From mitochondrial dynamics to arrhythmias

Affiliations
Review

From mitochondrial dynamics to arrhythmias

M A Aon et al. Int J Biochem Cell Biol. 2009 Oct.

Abstract

The reactive oxygen species (ROS)-dependent mitochondrial oscillator described in cardiac cells exhibits at least two modes of function under physiological conditions or in response to metabolic and oxidative stress. Both modes depend upon network behavior of mitochondria. Under physiological conditions cardiac mitochondria behave as a network of coupled oscillators with a broad range of frequencies. ROS weakly couples mitochondria under normal conditions but becomes a strong coupling messenger when, under oxidative stress, the mitochondrial network attains criticality. Mitochondrial criticality is achieved when a threshold of ROS is overcome and a certain density of mitochondria forms a cluster that spans the whole cell.
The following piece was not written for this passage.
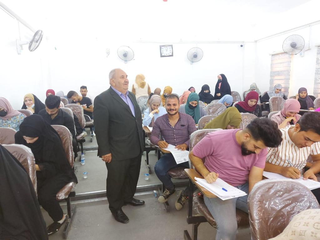 السيد مساعد رئيس الجامعة ا. د. لبنان الشامي وبرفقة اللجنة الوزارية يتفقدون الامتحانات النهائية الحضورية في كلية التقنيات الطبية والصحية

Under these conditions, the slightest perturbation triggers a cell-wide collapse of the mitochondrial membrane potential, Delta psi(m), visualized as a depolarization wave throughout the cell which is followed by whole cell synchronized oscillations in Delta psi(m), NADH, ROS, and GSH. This dynamic behavior scales from the mitochondrion to the cell by driving cellular excitability and the whole heart into catastrophic arrhythmias. A network collapse of Delta psi(m) under criticality leads to: (i) energetic failure, (ii) temporal and regional alterations in action potential (AP), (iii) development of zones of impaired conduction in the myocardium, and, ultimately, (iv) a fatal ventricular arrhythmia.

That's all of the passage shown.